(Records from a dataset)
++++++++
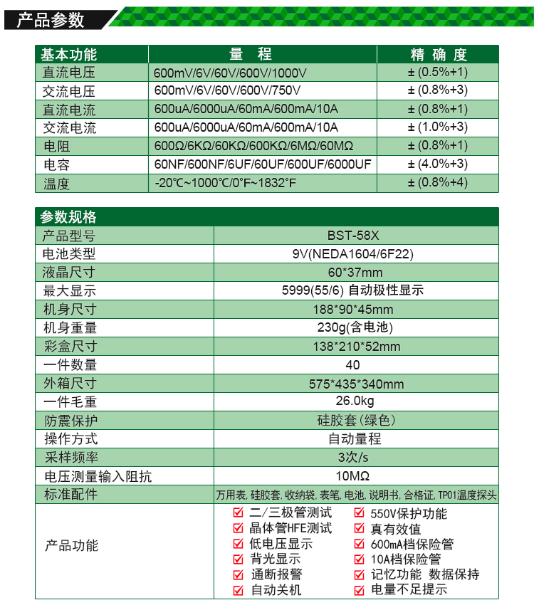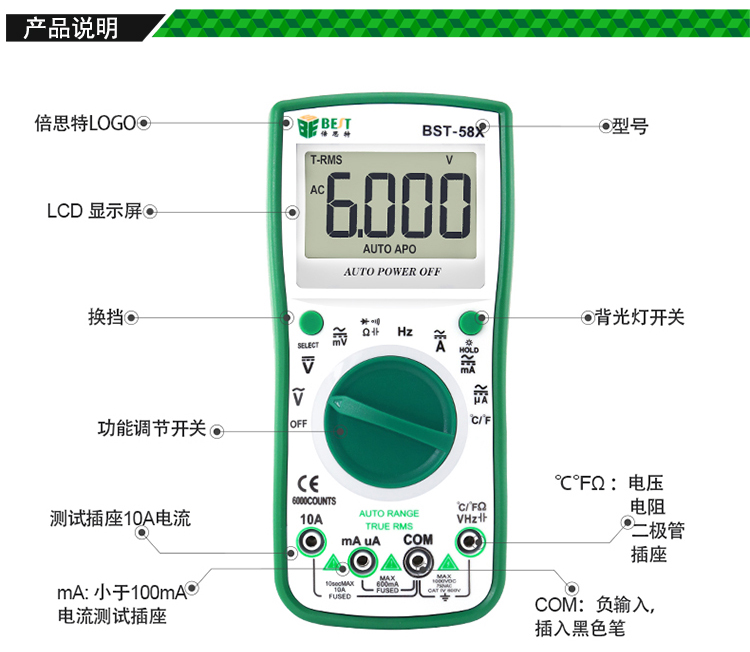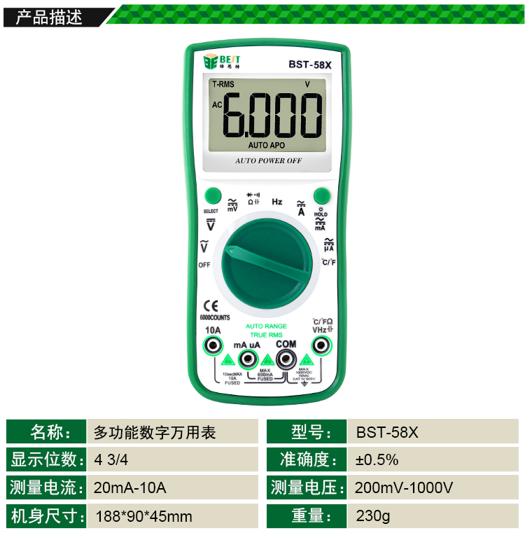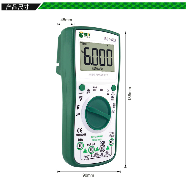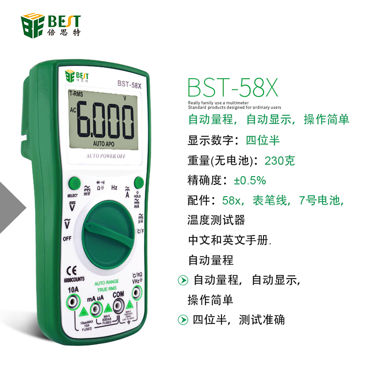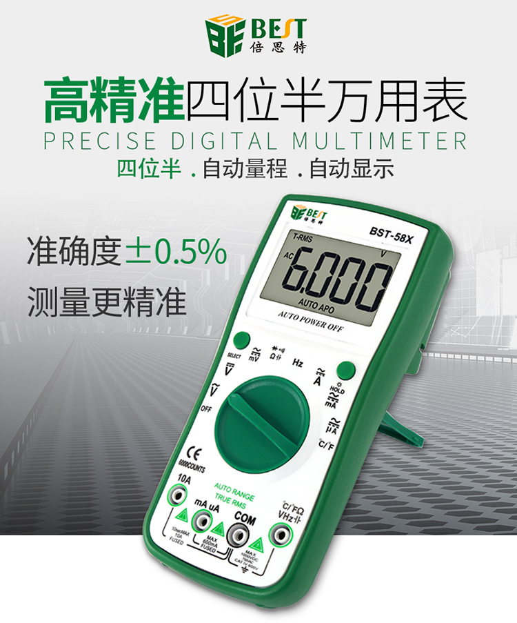 返回當(dāng)前位置: 首頁(yè) / 產(chǎn)品中心 / BST-58X 多功能數(shù)字萬(wàn)用表 自動(dòng)量程 四位半背光顯示屏 智能防燒
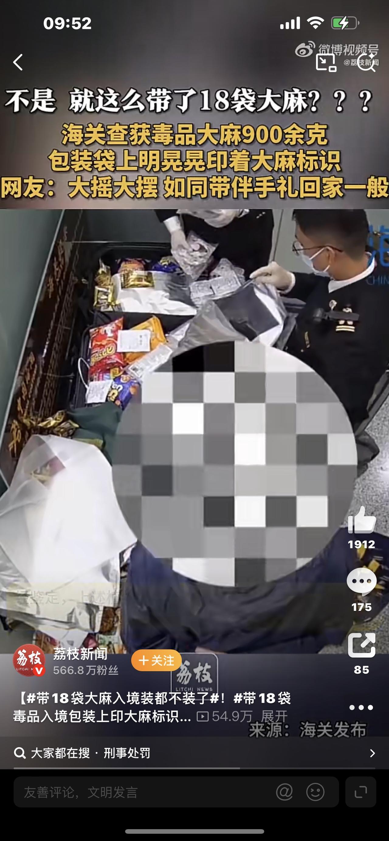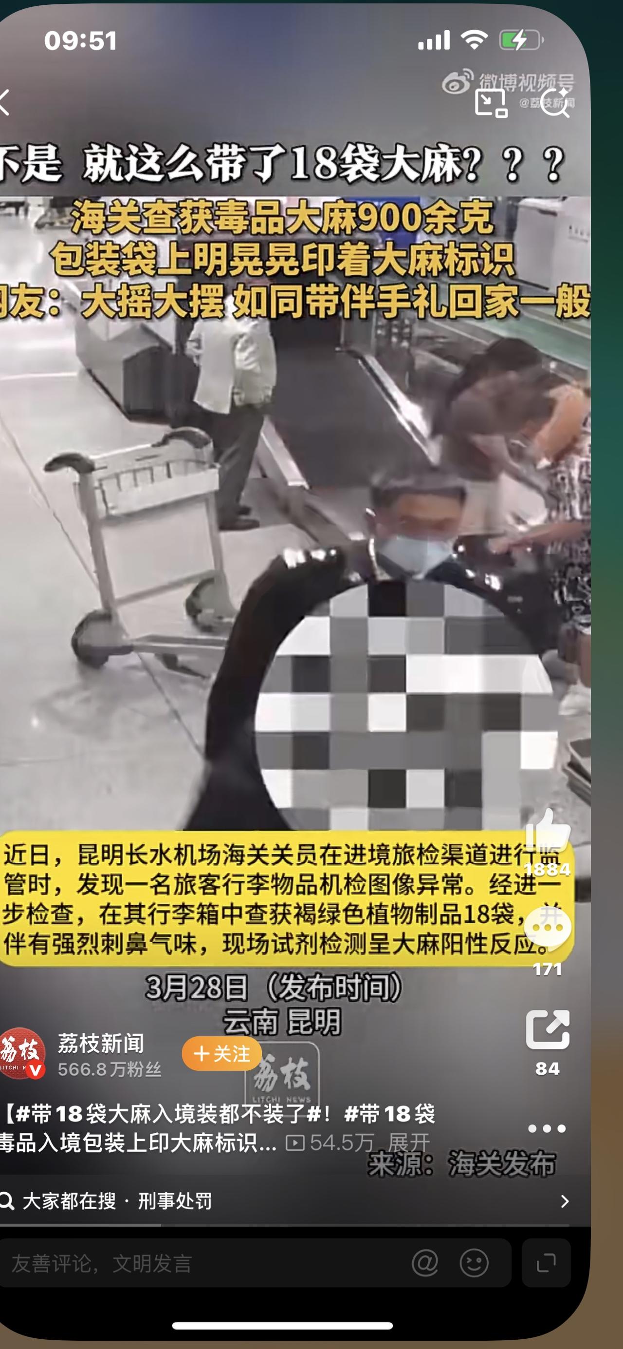 胆大包天!带18袋大麻入境,包装印大麻标识,海关当场拿下! 见过嚣张的,没见过这么嚣张的! 昆明机场海关查获一起离谱走私案:一旅客行李箱里,整整18袋大麻,包装上明晃晃印着大麻图案,连装都不装,直接大摇大摆闯关! 网友炸锅:这是把海关当空气?还是把法律当摆设? 3月9日,昆明长水机场海关机检时,发现一旅客行李图像异常,当即开箱检查。 开箱瞬间,18袋褐绿色植物制品散落,刺鼻气味直冲鼻腔,包装袋上大麻标识清晰可见。 检测结果:全部是毒品大麻,净重907.4克,接近1公斤。 更讽刺的是: 毒贩常用咖啡、零食、家具伪装藏毒,这次竟连伪装都省了,直接印毒标,仿佛在挑衅:“我带的就是毒品,你能奈我何?” 法律红线碰不得: 我国法律明确规定,大麻是毒品,走私、贩卖、运输、制造毒品,无论数量多少,都要追究刑事责任。 907.4克已达“数量较大”标准,这名旅客将面临7年以上有期徒刑,人生彻底毁于一旦。 很多人有误区:觉得“大麻不算毒”,境外能吸就能带。 醒醒!在我国,大麻是严格管制的毒品,携带入境就是犯罪,别拿自由和前途赌侥幸。 我们愤怒,不只是因为这18袋毒品,更是因为有人公然践踏法律、漠视生命。 毒品是万恶之源,一旦沾染,家破人亡、一生尽毁。 海关严查,是守护国门,更是守护每个家庭的安宁。 别信“大麻无害”的鬼话,别抱“藏得好就没事”的幻想。 天网恢恢,疏而不漏,对毒品零容忍,才是对自己和家人最大的负责。 珍爱生命,远离毒品;国门有我,毒贩无路可逃!走私普通货物案 走私贩毒 法国大麻
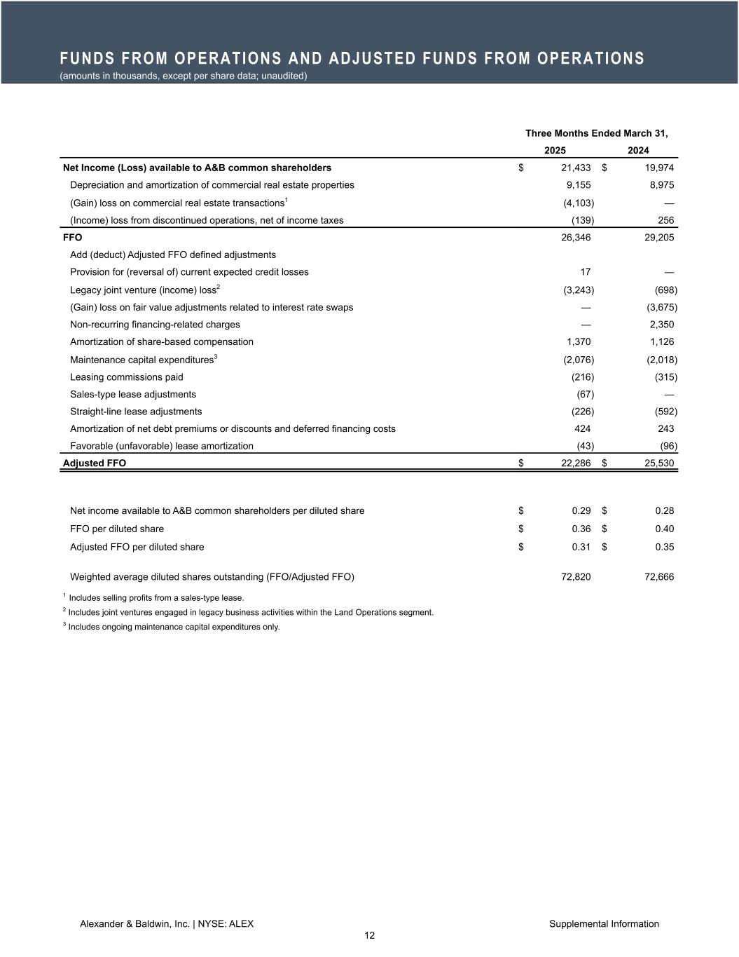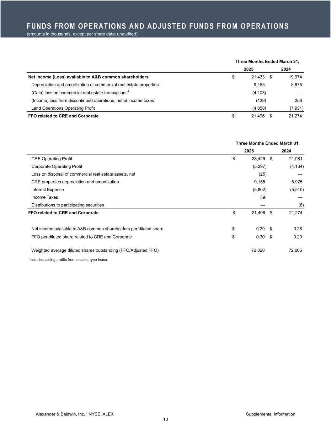 来自运营的资金和来自运营的调整后资金(以千为单位,每股数据除外;未经审计)截至2025年3月31日的三个月2024年A & B普通股股东可获得的净收入(亏损)21,433美元19,974美元商业房地产物业折旧和摊销9,1558,975(收益)商业房地产交易损失1(4,103)——(收入)终止经营损失,扣除所得税(139)256 FFO 26,34629,205加(减)调整后FFO界定调整当期预期信用损失准备(转回)17 —遗留合营企业(收入)损失2(3,243)(698)(收益)与利率掉期相关的公允价值调整损失—(3,675)与非经常性融资相关的费用— 2,350以股份为基础的补偿摊销1,3701,126维持资本支出3(2,076)(2,018)支付的租赁佣金(216)(315)销售型租赁调整(67)—直线租赁调整(226)(592)净债务溢价或折价的摊销和递延融资成本424243有利(不利)租赁摊销(43)(96)调整后FFO 22,286美元25,530美元A & B普通股股东每股摊薄收益0.29美元0.28美元FFO每股摊薄收益0.36美元0.40美元调整后FFO每股摊薄收益0.31美元0.35美元加权平均摊薄流通股(FFO/调整后FFO)72,82072,6661包括销售型租赁的销售利润。2包括在土地运营部门内从事遗留业务活动的合资企业。3仅包括持续维护资本支出。Alexander & Baldwin, Inc. | NYSE:ALEX补充信息12
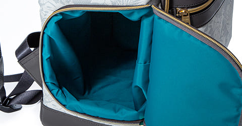 正面左のサイドポケットからシューズルームにアクセスします。メインルーム内でセパレートされ衛生的です。シューズルームには撥水効果のあるナイロン生地を使用しているのでケアも簡単です。
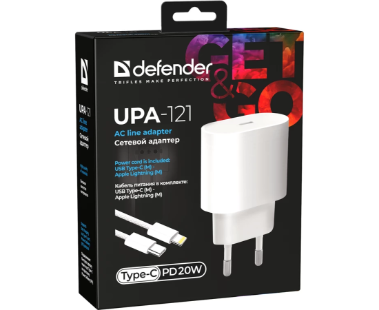 СЗУ DEFENDER UPA-121 20W, USB C, Lightning, белый (83223)
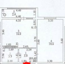 1-комнатная квартира общей площадью 42,4кв.м., жилая 18,6кв.м., кухня 16кв.м.
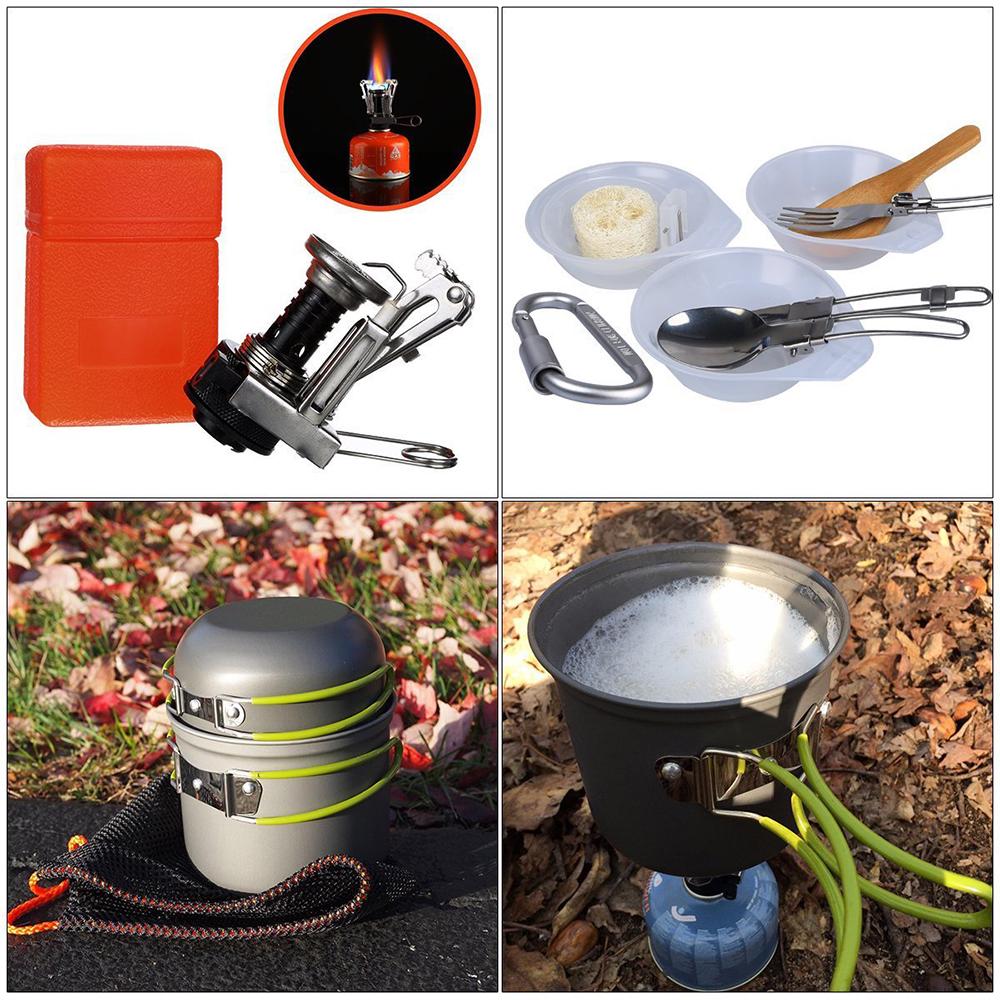 Outdoor Portable Camping Pot 1-2 People Picnic Cooker DS-101 Cook Set Removable Pot Cutlery Cooker Tank Mount Ultralight Cookware For Backpacking Hiking
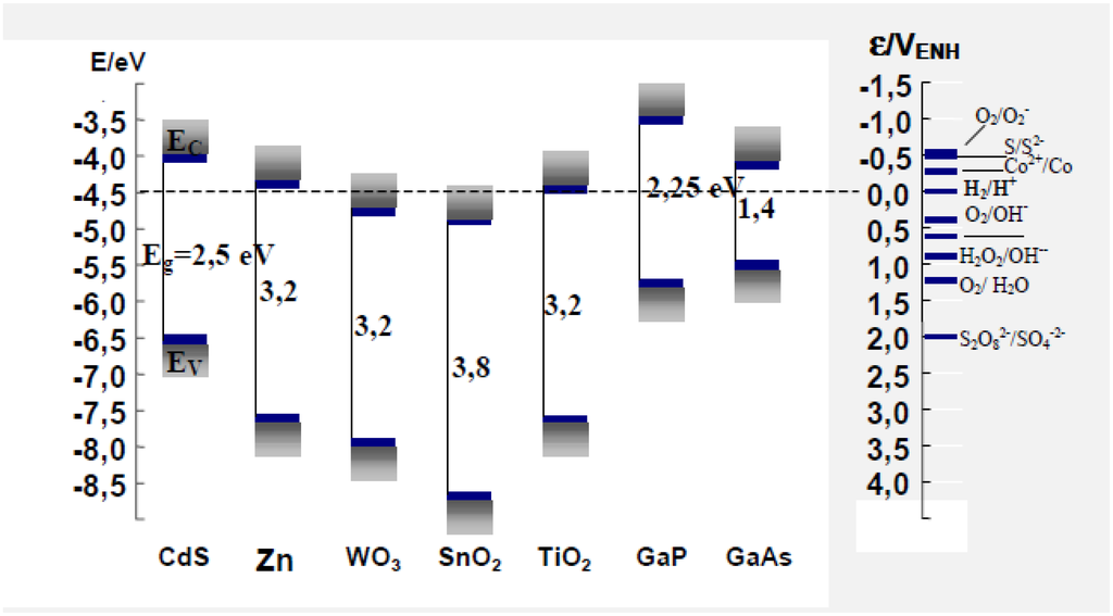 Nanometric size titania is by far the most widely employed system in photocatalysis due to its comparatively higher photocatalytic activity, low toxicity, chemical stability and very low cost. The anatase form of titania is reported to give the best combination of photoactivity and photostability [7]. Nearly all studies have focused on the crystalline forms of titania, namely anatase and rutile. The minimum band gap energy required for photon to cause photogeneration of charge carriers over TiO2 semiconductor (anatase form) is 3.2 eV corresponding to a wavelength of 388 nm [67]. Practically, TiO2 photoactivation takes place in the range of 300–388 nm. The photoinduced transfer of electrons ocurring with adsorbed species on semiconductor photocatalysts depends on the band-edge position of the semiconductor and the redox potentials of the adsorbates [20]. The schematic diagram of band positions for various semiconductors is shown in Figure 2.
++++++++
Exercise description: Your response should consist solely of the lines from the line with "1-комнатная квартира общей" through the last line of the entries above, printed exactly and without pictures.

Result:
 1-комнатная квартира общей площадью 42,4кв.м., жилая 18,6кв.м., кухня 16кв.м.
 Outdoor Portable Camping Pot 1-2 People Picnic Cooker DS-101 Cook Set Removable Pot Cutlery Cooker Tank Mount Ultralight Cookware For Backpacking Hiking
 Nanometric size titania is by far the most widely employed system in photocatalysis due to its comparatively higher photocatalytic activity, low toxicity, chemical stability and very low cost. The anatase form of titania is reported to give the best combination of photoactivity and photostability [7]. Nearly all studies have focused on the crystalline forms of titania, namely anatase and rutile. The minimum band gap energy required for photon to cause photogeneration of charge carriers over TiO2 semiconductor (anatase form) is 3.2 eV corresponding to a wavelength of 388 nm [67]. Practically, TiO2 photoactivation takes place in the range of 300–388 nm. The photoinduced transfer of electrons ocurring with adsorbed species on semiconductor photocatalysts depends on the band-edge position of the semiconductor and the redox potentials of the adsorbates [20]. The schematic diagram of band positions for various semiconductors is shown in Figure 2.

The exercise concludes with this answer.